Переходы вытягивали силы настолько, что Аори не слишком-то интересовалась, что происходит вокруг. И, в отличие от Дафы, не замечала задумчивого взгляда, которым изредка провожал ее тоо. Впрочем, он и не хотел, чтоб чужачка заметила.
Утром шестого дня Шуким подошел к Аори, сражавшейся с ослабшим седельным ремнем. Окинув взглядом ящера, он отобрал сбрую и затянул одним сильным рывком.
– К вечеру мы будем в Ше-Бара, – негромко сказал тоо, и в груди Аори екнуло.
Уже…
– Хорошо, – отозвалась она как можно безразличнее.
– И я должен узнать, что было прежде, чем ты встретила мой караван. Узнать то, что я расскажу страже или что утаю, сочинив иную историю.
– Ты и так все знаешь. Да, я сбежала от Нераима. И у меня была одна лишь надежда, что Харру не оставит того, кто идет по Священному пути.
– Но как ты оказалась в наших краях? Твои сородичи ненавидят пустыню, а Нераим не ходил в горы.
Она невольно дотронулась до рубца на животе, ощутимого даже под плотной тканью фарки. Грязевой пластырь куском отвалился еще вчера, оставив под собой нежную розовую кожу, что тоже тянуло на небольшое чудо.
Что ж, тоо, ты хочешь ответов. Ты хочешь историю… Пусть так и будет.
– Однажды дорогой мне человек позвал на помощь. Я не знала, что делать. По-хорошему, я должна была рассказать тем, кто умнее и сильнее, и кто мог убить ее за предательство. Но не решилась. И пришла слишком поздно, и ничего не смогла изменить.
– Все мы не успевали однажды.
– Да. Но раньше я соврала. Пошутила… Сказала какую-то ерунду, но она приняла ее за золотую книру. И эта песчинка стала той, с которой началась буря.
Она опустила глаза, не в силах выдержать его пронзительного взгляда.
– В ее жизни была цель. И я пообещала, что дойду туда, куда не успела дойти она, и спасу то, то было ей дорого. Но я не догадывалась, насколько это будет сложно.
– И куда же ты должна дойти, Аори?
Она прикусила губу. Вот и рассказала…
– Ты уже платишь Харру за ложь. Не совершай той же ошибки.
– В Ше-Бара.
Шуким кивнул и похлопал ящера по щеке, отряхивая забившийся между чешуек песок.
– Я верю тебе.
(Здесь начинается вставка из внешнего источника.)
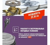 Комплекты саморегулирующегося кабеля Extra Line MSR-PB REXANT предназначены для защиты от замерзания бытовых трубопроводов, счетчиков воды, вентилей, а также могут использоваться для обогрева кровли и водостоков. Нагревательный кабель соединен с питающим кабелем, на конце которого находится евровилка для подключения в розетку с заземлением. Нагревательный кабель является саморегулирующимся и в нормальных условиях его температура не превышает 60°C. Комплекты подходят для использования как в помещениях, так и на улице. Кабель может быть смонтирован на поверхности как металлической, так и пластиковой трубы, под теплоизоляцией. Кабель может пересекаться сам с собой. Способы монтажа: 1. Монтаж кабеля на поверхности трубы, под теплоизоляцией. Фиксация кабеля обеспечивается алюминиевым скотчем или теплостойкой лентой. Запрещается устанавливать нагревательный кабель способами и в условиях, которые могут привести к механическому повреждению внешней оболочки, например, за счет сжатия, перетирания, растяжения, перех

Ты пройдешь Стальные врата, как одна из нас. Как ши моего каравана – та, кому мы обязаны.
Аори тихонько вздохнула, понимая, что раз уж тоо начал задавать вопросы, то невнятным ответом надолго не удовлетворится.
Гордая и прямая, как корабельная сосна, мимо прогарцевала Дафа. Ее зверюга высоко вскидывала шишковатые колени, но каким-то неведомым образом практически не шевелила туловищем, позволяя арашни осматривать стоянку. И, когда она наткнулась взглядом на чужачку, прищур темных глаз из внимательного стал откровенно презрительным.
Аори широко и радостно ощерилась в ответ.
– Мне кажется, однажды Дафа все-таки подсунет мне яд, – пробормотала она, когда арашни уже не могла услышать.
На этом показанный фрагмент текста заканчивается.